The psychologist, Catherine Steiner-Adair, interviewed a thousand children aged between four and 18 across America for her new book, The Big Disconnect. Among her findings was a marked tendency among boys to approach girls they liked in a sexually aggressive manner. “That is a trend,” she tells me. “There’s no question about it.” They send extremely crude messages — Steiner-Adair gave me a dozen examples, none of which I can reproduce here — and, unsurprisingly, “the girls don’t like it.” And they rebuff the boys.

“The boys are very confused about how to approach girls,” she says. “Their sexual education is porn. And it’s very misogynistic and violent porn.” Porn has become more extreme over the last two decades, probably because its users’ “tolerance” has rapidly increased with the ubiquity of internet connections. Steiner-Adair had conversations with boys who wanted to know why women liked being choked when they were having sex or why women liked being urinated on.

Because young men lack the experience that would allow them to differentiate between an extreme sexual performance and real sex, says Steiner-Adair, some of them “are surprised when the girls don’t want to play out the scenarios that they have been watching.” The result is mutual unhappiness, frustration and disappointment. And, according to Doidge, a potentially permanently addled sexuality thanks to the presence of porn during this highly plastic period of brain development.

Earlier this year, I wrote about pornography’s damaging effects, as well as its growing presence. We live in an age where it has never been easier to access porn, and not surprisingly, porn is being consumed at astronomical rates. And if Steiner-Adair’s research is any indication, a not insignificant portion of those consumers are young, hormone-addled boys for whom porn is initially exciting but ultimately frustrating, unfulfilling, and damaging.

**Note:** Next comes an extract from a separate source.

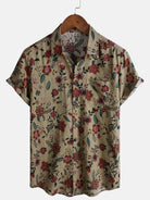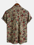 Camisa retro ligera de manga corta con estampado floral para hombre
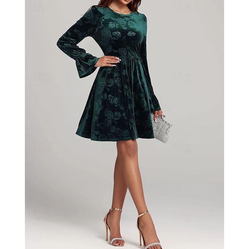 More information about Women's Midi Dress Velvet Dress Cocktail Dress Elegant Fashion Modern Outdoor Party Party Evening Wear Regular Fit Floral Plain Long Sleeve Crew Neck Dark Green Spring Winter Autumn

Some criticize claims that porn leads to increased negative activity towards women by pointing out that overall sexual violence against women in the U.S. has decreased (though it’s unclear whether increased porn consumption has anything to do with the decrease). It’s obviously a good thing that sexual violence has decreased, but focusing on that alone misses the point that it’s not simply sexual violence that should concern us. The damage done to one’s capability for intimacy, the skewing of expectations regarding the reality of sex, the increase in miscommunication between men and women — these are other valid concerns.

Unfortunately, such effects are probably difficult to quantify, though as the aforementioned article points out, they certainly exist. And confronting what Butler calls those “little boys with their porno” is going to be a critical issue for parents, teachers, pastors, and other authority figures in the years to come — especially since I doubt we’ll see a decrease in porn production, access, and consumption anytime soon.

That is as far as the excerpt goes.